But Jane Wilkinson was not so easily turned from her purpose.

‘Why, Bryan, what does that matter? We’ll have supper sent up to the suite. Speak to them about it, will you? And, Bryan—’

She went after him as he was turning away and appeared to urge some course upon him. He stood out about it, I gathered, shaking his head and frowning. But she spoke even more emphatically and finally with a shrug of the shoulders he gave way.

Once or twice during her speech to him she had glanced at the table where Carlotta Adams sat, and I wondered if what she were suggesting had anything to do with the American girl.

Her point gained, Jane came back, radiant.

‘We’ll go right up now,’ she said, and included me in a dazzling smile.

The question of our agreeing or not agreeing to her plan didn’t seem to occur to her mind. She swept us off without a shade of apology.

‘It’s the greatest luck just seeing you here this evening, M. Poirot,’ she said as she led the way to the lift. ‘It’s wonderful how everything seems to turn out right for me. I’d just been thinking and wondering what on earth I was going to do and I looked up and there you were at the next table, and I said to myself: “M. Poirot will tell me what to do.”’

She broke off to say ‘Second Floor’ to the lift-boy.

‘If I can be of aid to you—’ began Poirot.

‘I’m sure you can. I’ve heard you’re just the most marvellous man that ever existed. Somebody’s got to get me out of the tangle I’m in and I feel you’re just the man to do it.’

We got out at the second floor and she led the way along the corridor, paused at a door and entered one of the most opulent of the Savoy suites.

Casting her white fur wrap on one chair, and her small jewelled bag on the table, the actress sank on to a chair and exclaimed:

‘M. Poirot, somehow or other I’ve just got to get rid of my husband!’

CHAPTER 2 (#ubde09f20-740f-569f-8828-ef77a7642829)

A Supper Party (#ubde09f20-740f-569f-8828-ef77a7642829)

After a moment’s astonishment Poirot recovered himself!

‘But, Madame,’ he said, his eyes twinkling, ‘getting rid of husbands is not my speciality.’

‘Well, of course I know that.’

‘It is a lawyer you require.’

‘That’s just where you’re wrong. I’m just about sick and tired of lawyers. I’ve had straight lawyers and crooked lawyers, and not one of them’s done me any good. Lawyers just know the law, they don’t seem to have any kind of natural sense.’

‘And you think I have?’

She laughed.

‘I’ve heard that you’re the cat’s whiskers, M. Poirot.’

‘Comment? The cat’s whiskers? I do not understand.’

‘Well—that you’re It.’

‘Madame, I may or may not have brains—as a matter of fact I have—why pretend? But your little affair, it is not my genre.’
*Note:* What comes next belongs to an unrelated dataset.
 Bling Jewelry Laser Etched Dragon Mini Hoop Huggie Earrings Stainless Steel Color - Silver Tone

‘I don’t see why not. It’s a problem.’

‘Oh! a problem!’

‘And it’s difficult,’ went on Jane Wilkinson. ‘I should say you weren’t the man to shy at difficulties.’
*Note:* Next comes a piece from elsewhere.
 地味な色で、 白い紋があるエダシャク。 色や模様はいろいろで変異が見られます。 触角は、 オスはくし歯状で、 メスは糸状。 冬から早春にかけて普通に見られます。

‘Let me compliment you on your insight, Madame. But all the same, me, I do not make the investigations for divorce. It is not pretty—ce métier là.’

‘My dear man, I’m not asking you to do spying work. It wouldn’t be any good. But I’ve just got to get rid of the man, and I’m sure you could tell me how to do it.’

Poirot paused awhile before replying. When he did, there was a new note in his voice.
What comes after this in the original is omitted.